Research has shown that the shape of the brain’s folds has a major impact on the ‘performance’ of the brain. Just as the shape of a bell determines the sound of a bell, the shape of the brain’s folds can affect the flow of brain waves generated by nerve cells in the brain. This is the first study to show that brain wrinkles are associated with better brain function.
A research team led by Professor James Peng from Monash University in Australia published the results of a study containing these findings in the international journal Nature on the 31st (local time).
There are two main physical structures that can affect brain function. The structure of the brain folds and nerve cells in the brain. Previously, academics speculated that the ‘connectome’, a connected form of nerve cells in the brain, would have a greater influence on brain function than the shape of the brain’s surface.
The research team hypothesized that wrinkles on the surface of the brain could affect brain function as much as the composition of neurons in the brain. To test the hypothesis, a comparative analysis was carried out to determine which of the outer cortical folds and connectivity had a greater influence on brain function.
In the experiment, it was confirmed how each connectome and cortical folds affect the movement of brain waves that influence brain function. After collecting more than 10,000 images of brain activity using a magnetic resonance imaging (MRI) device, they analyzed how the brain’s folds and the shape of the connective tissue function in transmitting brain waves.
As a result of the analysis, it was found that the shape of the brain’s folds affects the movement of the EEG more. Nerve cells that produce brain waves generate current to transmit signals to other nerve cells, and the flow of this current varies greatly depending on the shape of the folds of the brain. The research team compared this principle to the change in sound waves depending on the shape of a bell.

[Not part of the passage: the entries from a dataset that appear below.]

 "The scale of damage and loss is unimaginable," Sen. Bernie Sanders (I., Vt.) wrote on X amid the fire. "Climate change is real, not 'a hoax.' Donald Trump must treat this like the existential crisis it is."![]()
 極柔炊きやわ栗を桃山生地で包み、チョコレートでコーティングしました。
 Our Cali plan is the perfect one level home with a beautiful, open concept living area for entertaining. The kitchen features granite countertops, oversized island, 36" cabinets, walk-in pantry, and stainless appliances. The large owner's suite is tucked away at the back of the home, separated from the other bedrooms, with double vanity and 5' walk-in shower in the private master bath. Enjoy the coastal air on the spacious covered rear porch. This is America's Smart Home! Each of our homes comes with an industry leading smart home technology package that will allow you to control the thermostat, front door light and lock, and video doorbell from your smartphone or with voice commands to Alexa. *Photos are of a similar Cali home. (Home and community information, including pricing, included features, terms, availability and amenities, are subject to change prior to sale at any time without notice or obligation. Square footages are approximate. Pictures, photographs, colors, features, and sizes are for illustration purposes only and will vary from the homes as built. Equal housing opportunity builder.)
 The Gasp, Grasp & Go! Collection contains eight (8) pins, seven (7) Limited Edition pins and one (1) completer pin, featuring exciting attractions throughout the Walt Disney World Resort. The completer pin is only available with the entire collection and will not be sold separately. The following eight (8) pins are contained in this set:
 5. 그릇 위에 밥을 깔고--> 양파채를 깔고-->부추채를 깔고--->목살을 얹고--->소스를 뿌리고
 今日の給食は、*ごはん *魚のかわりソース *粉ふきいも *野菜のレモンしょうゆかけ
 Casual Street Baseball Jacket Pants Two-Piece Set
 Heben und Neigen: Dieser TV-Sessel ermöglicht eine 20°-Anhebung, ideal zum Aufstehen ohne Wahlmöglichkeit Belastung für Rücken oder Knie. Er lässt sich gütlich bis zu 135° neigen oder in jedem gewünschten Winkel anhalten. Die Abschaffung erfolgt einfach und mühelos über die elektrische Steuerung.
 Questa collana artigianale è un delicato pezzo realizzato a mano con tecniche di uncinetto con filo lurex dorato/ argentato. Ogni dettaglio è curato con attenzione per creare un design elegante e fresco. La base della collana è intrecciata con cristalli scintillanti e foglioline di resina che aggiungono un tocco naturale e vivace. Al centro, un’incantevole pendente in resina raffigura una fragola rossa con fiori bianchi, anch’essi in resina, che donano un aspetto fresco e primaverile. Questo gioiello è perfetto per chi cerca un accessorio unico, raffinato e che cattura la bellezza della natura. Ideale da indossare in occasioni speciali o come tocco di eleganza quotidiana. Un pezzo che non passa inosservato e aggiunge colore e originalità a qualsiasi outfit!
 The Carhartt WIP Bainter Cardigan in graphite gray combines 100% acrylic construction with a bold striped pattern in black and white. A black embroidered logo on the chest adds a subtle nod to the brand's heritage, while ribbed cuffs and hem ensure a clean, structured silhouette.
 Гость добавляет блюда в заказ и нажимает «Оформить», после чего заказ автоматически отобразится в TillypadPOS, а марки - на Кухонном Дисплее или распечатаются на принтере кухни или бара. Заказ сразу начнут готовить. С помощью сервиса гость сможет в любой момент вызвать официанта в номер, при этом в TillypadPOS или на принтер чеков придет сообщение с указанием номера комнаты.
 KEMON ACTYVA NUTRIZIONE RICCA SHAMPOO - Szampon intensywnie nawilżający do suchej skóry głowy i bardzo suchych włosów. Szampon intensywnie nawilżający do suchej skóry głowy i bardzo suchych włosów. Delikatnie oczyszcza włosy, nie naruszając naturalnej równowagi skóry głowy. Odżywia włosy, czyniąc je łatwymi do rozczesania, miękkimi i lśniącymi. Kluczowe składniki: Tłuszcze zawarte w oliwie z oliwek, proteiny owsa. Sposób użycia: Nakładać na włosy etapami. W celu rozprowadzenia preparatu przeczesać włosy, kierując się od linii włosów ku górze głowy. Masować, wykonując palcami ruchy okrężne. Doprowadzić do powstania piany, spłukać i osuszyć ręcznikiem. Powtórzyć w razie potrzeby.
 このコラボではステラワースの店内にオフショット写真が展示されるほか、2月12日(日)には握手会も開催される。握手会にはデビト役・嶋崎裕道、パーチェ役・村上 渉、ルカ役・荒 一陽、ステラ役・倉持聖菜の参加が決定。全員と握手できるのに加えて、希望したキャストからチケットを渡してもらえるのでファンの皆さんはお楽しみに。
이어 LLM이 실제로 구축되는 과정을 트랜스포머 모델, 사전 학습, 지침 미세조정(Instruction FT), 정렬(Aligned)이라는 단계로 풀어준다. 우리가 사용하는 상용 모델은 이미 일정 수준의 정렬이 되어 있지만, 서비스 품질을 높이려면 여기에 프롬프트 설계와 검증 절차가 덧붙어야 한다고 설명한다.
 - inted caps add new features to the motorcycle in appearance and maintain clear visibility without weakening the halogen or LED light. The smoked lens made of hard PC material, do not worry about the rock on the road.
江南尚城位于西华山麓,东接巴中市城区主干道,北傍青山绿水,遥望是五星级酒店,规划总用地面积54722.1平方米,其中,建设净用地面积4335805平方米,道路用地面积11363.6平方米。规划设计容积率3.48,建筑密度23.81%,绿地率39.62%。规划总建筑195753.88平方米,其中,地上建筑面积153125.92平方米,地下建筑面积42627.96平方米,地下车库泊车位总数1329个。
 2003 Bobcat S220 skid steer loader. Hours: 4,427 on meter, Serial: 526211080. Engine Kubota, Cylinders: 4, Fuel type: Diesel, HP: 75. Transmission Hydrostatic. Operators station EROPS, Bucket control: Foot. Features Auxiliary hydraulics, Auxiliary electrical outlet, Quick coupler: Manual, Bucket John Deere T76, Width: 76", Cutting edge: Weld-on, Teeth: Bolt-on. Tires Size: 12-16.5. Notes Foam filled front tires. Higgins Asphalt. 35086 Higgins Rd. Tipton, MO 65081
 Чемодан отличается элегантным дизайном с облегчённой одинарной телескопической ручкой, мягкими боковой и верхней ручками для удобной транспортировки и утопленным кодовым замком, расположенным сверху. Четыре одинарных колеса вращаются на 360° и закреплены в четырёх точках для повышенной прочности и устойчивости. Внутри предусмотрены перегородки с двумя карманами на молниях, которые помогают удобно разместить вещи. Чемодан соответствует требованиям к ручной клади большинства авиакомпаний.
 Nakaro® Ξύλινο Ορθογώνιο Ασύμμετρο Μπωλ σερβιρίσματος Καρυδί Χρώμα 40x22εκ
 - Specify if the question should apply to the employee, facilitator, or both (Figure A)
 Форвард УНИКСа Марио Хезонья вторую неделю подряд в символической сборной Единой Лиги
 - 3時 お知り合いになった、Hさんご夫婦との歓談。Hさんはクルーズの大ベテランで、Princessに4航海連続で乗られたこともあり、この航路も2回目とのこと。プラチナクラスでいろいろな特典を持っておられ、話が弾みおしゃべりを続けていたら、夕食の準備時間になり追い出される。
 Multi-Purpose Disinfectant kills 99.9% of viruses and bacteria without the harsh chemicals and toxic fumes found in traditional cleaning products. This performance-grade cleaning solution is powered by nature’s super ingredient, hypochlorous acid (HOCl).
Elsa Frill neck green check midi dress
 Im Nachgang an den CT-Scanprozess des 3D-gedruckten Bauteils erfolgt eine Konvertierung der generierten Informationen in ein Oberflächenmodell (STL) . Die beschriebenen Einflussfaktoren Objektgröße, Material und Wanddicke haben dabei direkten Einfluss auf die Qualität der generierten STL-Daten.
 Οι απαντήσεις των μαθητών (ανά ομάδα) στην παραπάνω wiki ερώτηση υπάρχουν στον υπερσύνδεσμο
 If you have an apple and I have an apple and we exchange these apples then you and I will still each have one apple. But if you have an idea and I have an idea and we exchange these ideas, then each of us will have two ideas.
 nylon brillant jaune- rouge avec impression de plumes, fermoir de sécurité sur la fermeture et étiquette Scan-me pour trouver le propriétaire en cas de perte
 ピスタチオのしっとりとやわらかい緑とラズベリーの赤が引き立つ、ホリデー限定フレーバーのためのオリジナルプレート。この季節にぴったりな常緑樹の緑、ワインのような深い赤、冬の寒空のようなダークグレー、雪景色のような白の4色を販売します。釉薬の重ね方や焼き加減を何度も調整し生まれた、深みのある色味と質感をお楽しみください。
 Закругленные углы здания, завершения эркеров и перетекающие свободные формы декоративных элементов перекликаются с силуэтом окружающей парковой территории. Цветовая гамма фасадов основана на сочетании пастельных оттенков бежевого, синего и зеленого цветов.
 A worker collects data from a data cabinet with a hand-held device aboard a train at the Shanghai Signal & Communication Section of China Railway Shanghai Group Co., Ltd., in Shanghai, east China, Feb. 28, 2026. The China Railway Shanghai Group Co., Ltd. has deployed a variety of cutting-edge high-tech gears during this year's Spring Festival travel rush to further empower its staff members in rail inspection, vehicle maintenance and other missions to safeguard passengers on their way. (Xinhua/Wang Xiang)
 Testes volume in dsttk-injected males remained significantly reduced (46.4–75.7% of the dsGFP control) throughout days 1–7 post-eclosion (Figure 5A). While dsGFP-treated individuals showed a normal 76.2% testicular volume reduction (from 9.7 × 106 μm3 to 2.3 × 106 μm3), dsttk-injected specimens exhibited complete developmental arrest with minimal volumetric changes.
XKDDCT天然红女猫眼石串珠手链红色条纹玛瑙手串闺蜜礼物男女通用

Some researchers were skeptical about the results of this study. David Van Essen, a professor at the University of Washington in the United States, pointed out the limitations, saying, “In this study, only a very limited part of the cerebral cortex was observed and changes in brain function were observed.”
To support the results of this study, the research team tried, but failed, to model idealized brain wrinkles related to the smooth movement of brain waves. The research team explained, “The shape of each person’s cerebral cortex is so different that it is difficult to compare and analyze.”